Delightfully sore as promised, I stood in the kitchen making breakfast. I wore Johnny’s shirt and my cotton undies; he wore only his jeans.
Just as my finger hit the button that set the coffeepot to brewing, Zhan walked into the kitchen with an envelope. My name was beautifully scripted on it. That meant this was from Menessos. “I better get some caffeine in me before I read that.” I set it aside and gathered some mugs from the cabinet.
Minutes later, as the bacon Johnny was in charge of was sizzling, I carried the envelope to the dinette table, sat on the bench, and opened it.
My Dearest Persephone,
Goliath has returned to the haven. You know where I am.
I have increased the number of guards around you and your home. By the time you read this another Offerling sentinel will have arrived along with six Beholders who will maintain your perimeter. If you have not already done so, you should fortify your magical protections from the ley line.
Even as you read this, I am negotiating for aid.
—M
That didn’t make sense because presently he was dead. I put it back into the envelope.
“Did the vamp impart any pearls of wisdom?” Johnny asked from the stove. He fed Ares a slice of bacon.
Appreciation of his physique delayed my answer. How can anyone eat bacon and still have defined muscles like that? “He’s sending another bodyguard and more perimeter guards. He has an idea for getting help, but he wasn’t clear about whose help.”
“Of course not.” He flipped over the slices in the pan. “When will the horde arrive?”
“They are already here,” Zhan answered for me. “The perimeter guards are set up and in position.”
I leaned over the table to peer out the window.
“They’re camouflaged,” she said, pouring a cup of coffee. “You won’t see them.”
“What about the other sentinel?”
“Waiting in the car out front.” She joined me at the table. “Ares wouldn’t be quiet about someone new in the house, and I didn’t want to wake you.”
I smiled. “Thank you.” Her consideration was remarkable.
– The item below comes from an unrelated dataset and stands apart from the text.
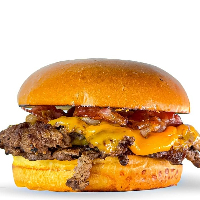 Dois smashs 90g , queijo cheddar e bacon crocante . Maionese da casa . Tudo isso no pão brioche selado pra fechar com chave de ouro.

Well, to me it was, perhaps not so much to the sentinel stuck in the car. “Who did he send?”
“Ivanka Chernov.”
The plainness of her voice was atypical. “And?”
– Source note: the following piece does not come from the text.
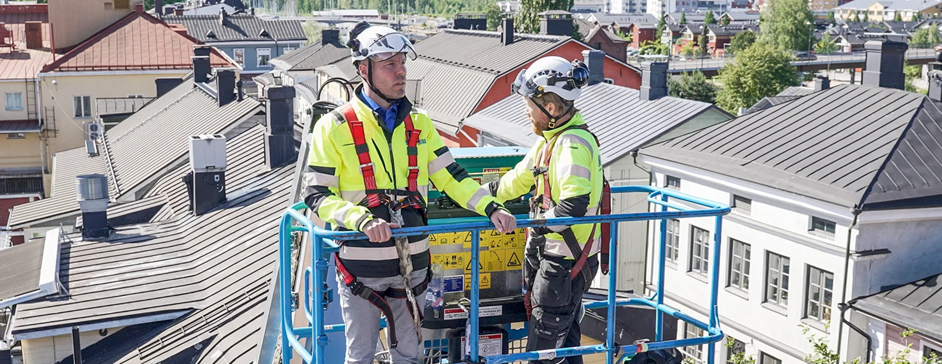 Ruusu ja Venla kokevat, että heidän työvaatteensa ovat laadukkaat, mukavat päällä, hengittävät ja kestävät. Ne myös suojaavat viiltoja ja naarmuja vastaan, joita katolla tapahtuu.

Zhan sipped her coffee. “And what?”
“What’s her story? Do you think she’s a good choice?”
“She came to this country as a Russian mail-order bride. Her husband had a heart attack and died a month after the wedding. Nine months later she signed on with Menessos. That was almost six months ago. I think. Since then, she’s been well trained and is very disciplined.”
“That’s a very tidy description.” I smirked. “Now say what you honestly mean.”
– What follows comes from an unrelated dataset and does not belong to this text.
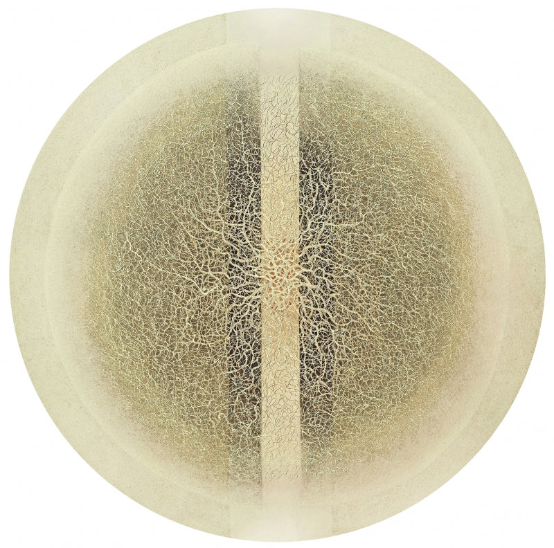 This abstract artwork features a circle with a cracked surface, bisected by a vertical line. The cracks suggest fragility and the passage of time, while the overall circular shape symbolizes the cyclical nature of life, death, and rebirth. The central line could represent a path, a dividing line, or a moment of stillness amidst chaos.

“She’s scary dangerous and overbearingly stern.”
“Stern?” I asked.
“She sees everything in terms of her rank, above this one, under that one, and is eager to climb up the status ladder. She’s smart, but her strict adherence to the rules and regulations keeps her from seeing the bigger picture. So, she’s unlikely to accommodate your ‘unusual’ requests unless you pull rank. And her English is pretty basic.”
“She’s been here over a year. Won’t speaking English help her make rank?” Johnny asked.
“Yes, but she’s not much of a conversationalist, so mastering the language hasn’t exactly been her priority.”
Johnny put down the spatula. “What has been?”
His authoritative tone stunned me. Zhan hadn’t missed it either. “When you see her, you’ll know.”
I could feel heaviness fill the room, and the weighted silence made it hard to breathe. “Does she like bacon?” I quipped. “This could be a good time to bring her in.”
Zhan opened her mouth and shut it again without answering, then left.
To avoid the pup going into a sniffing and snarling conniption, Johnny coaxed Ares into the garage with another slice of bacon. “I have to give Zhan credit,” he said, putting a plate with eggs and bacon in front of me. “She’s more than a pretty thug.”
“Minimum IQ for an Offerling is two standard deviations above average.”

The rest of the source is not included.